Audrey Zucchi : C’est un peu l’objectif du livre (Grands apprentissages Montessori pour petites mains). J’ai plein de parents qui me disent : « je n’ai pas du tout le temps de cuisiner avec mon enfant ».  Moi, mes enfants ils ont 3 et 6 ans, et heureusement qu’ils m’aident tous les soirs ! En fait, ça va dix fois plus vite. Oui, il y a un moment où quand ils sont tout petits, vous allez passer un peu de temps à expliquer comment on lave les légumes, comment on coupe en rondelles les courgettes, etc, Mais c’est autant de temps à surveiller que le petit n’est pas en train de jouer avec un truc bizarre… Là, vous êtes tous ensemble. Les enfants sont reconnus dans leurs compétences, et dans leur estime personnelle, c’est aussi très fort de dire « c’est moi qui l’ai fait ». Et à 10 ans, ils préparent des recettes tous seuls. C’est une chose essentielle à faire percevoir aux gens qui ont l’impression de manquer de temps.

Vous avez des enfants de 3 et 6 ans. Quand vous êtes-vous intéressée à la pédagogie Montessori ?

Audrey Zucchi : Je m’y suis intéressée quand Gary a eu un an, en voyant qu’il voulait absolument faire comme moi. Quand il a commencé à me dire « moi tout seul », je me suis dit que c’était forcément un biais d’apprentissage et une façon de nous rapprocher. J’ai cherché des produits ergonomiques adaptés, mais je n’ai rien trouvé.  Au niveau du mobilier pour enfant, il y avait très peu de choses qui permettaient à l’enfant de faire tout seul. Il y a encore cinq ans, on était encore très loin de ça. Du coup j’ai commencé à sourcer des produits dans le monde entier que je faisais venir parfois de très loin. J’avais une équipe de petits testeurs qui testaient des accessoires pour faire à la maison. On a fini par en faire une société, No Milk Today, qui vend des kits pour adapter la maison à la taille de l’enfant.

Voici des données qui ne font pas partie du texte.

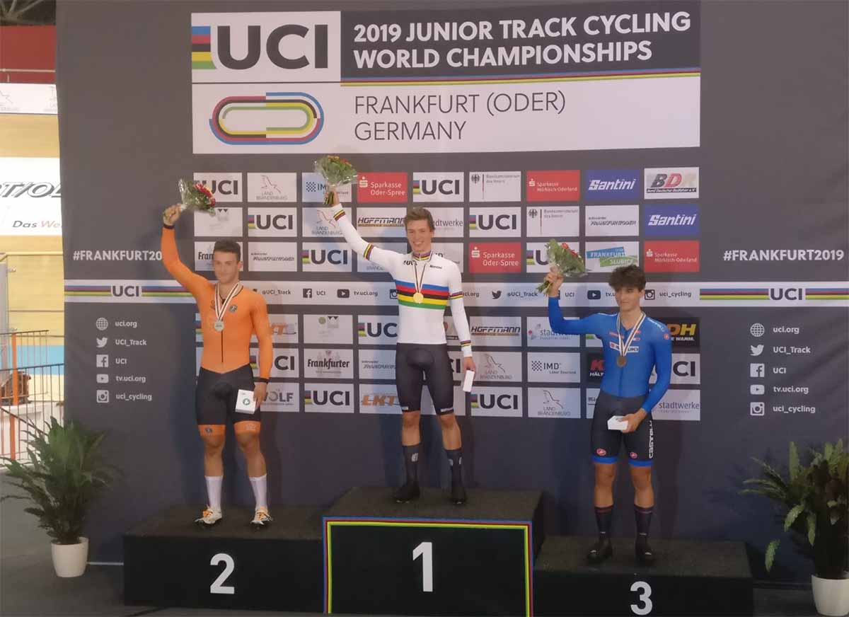 FRANCOFORTE (GERMANIA) – L’ultima giornata di gare dei Campionati Mondiali Pista Juniores di Francoforte, regala all’Italia un’altra bellissima medaglia. Succede nel Km da fermo con Matteo Bianchi che in 1’02”068 conquista uno splendido bronzo. L’altoatesino classe 2001, che in questa rassegna iridata abbiamo visto piazzarsi nel keirin e impegnarsi al torneo Sprint, è un giovane di talento e questo bronzo mondiale conferma il suo spessore sommandosi al bronzo di specialità vinto ai recenti europei.
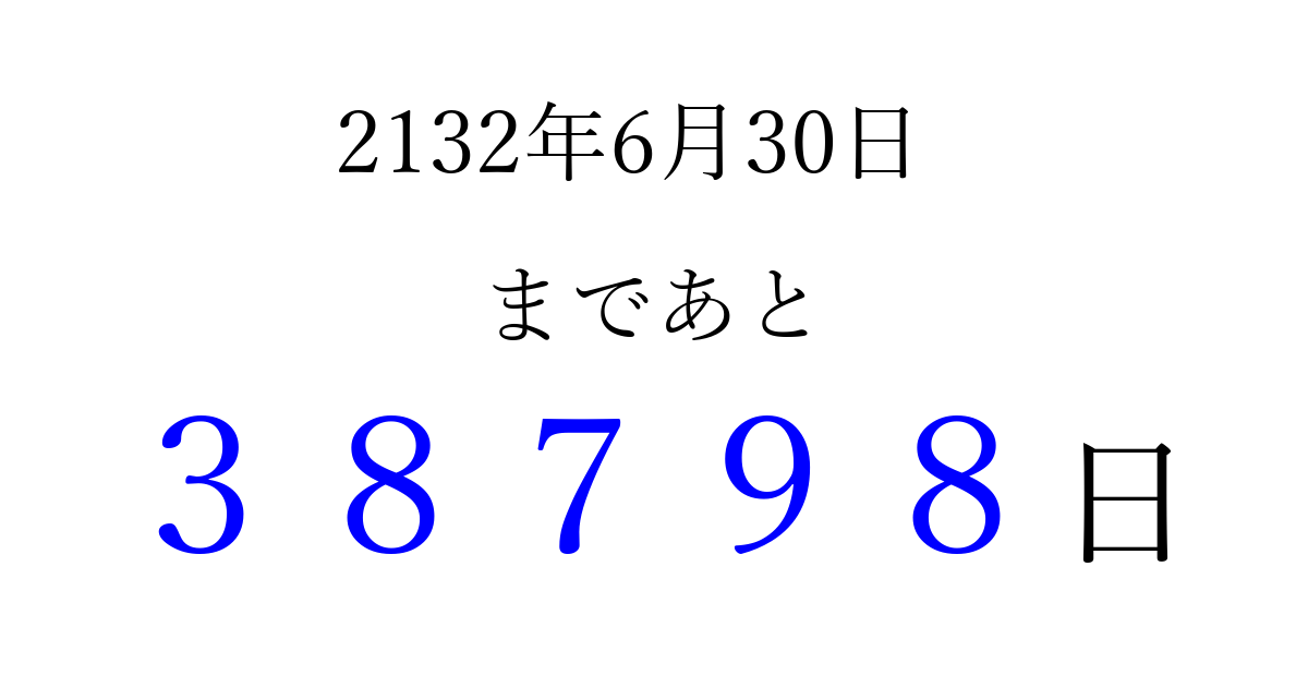 2132年6月30日(月)まで あと 99999 日です 追加すると、トップページからすぐ選べるようになります ※2026/04/09現在の結果です。 最新の状態に更新する ↓シェアして、タイムライン上にカウントダウンを表示しよう!↓ 📤 この結果を共有する Tweet シェア Threads Bluesky 別の日付でカウントダウン 2132年6月のカレンダー このページをブックマークに追加すると、いつでもカウントダウンを確認できます。 (PC: Ctrl+D / Mac: ⌘+D) hitome-notes.comでは以下のページも運営しています。 指定日と期間から日付を計算 | ガチャ確率計算・シミュレーション | プライバシー・ポリシー 運営者:Avocado

Au-delà de ce livre de recettes Montessori, quels autres outils pratiques proposez-vous aux parents ?

Audrey Zucchi : A chaque fois, le principe, c’est que ce sont des outils doubles, à la fois pour les parents et pour les enfants. Le calendrier, c’est un outil de planification classique, mais où tous les mois vous avez un défi à relever en famille. En septembre, comment faire en sorte que les matins soient zen et bien organisés. En novembre, au moment du changement d’heure, comment avoir un coucher calme et sans peine… Tous les mois on a également des exercices d’inspiration Montessori qui sont proposés à la fois pour les parents et pour les enfants, des magnets pour que l’enfant mettent en place les routines du quotidien ou participe aux tâches ménagères.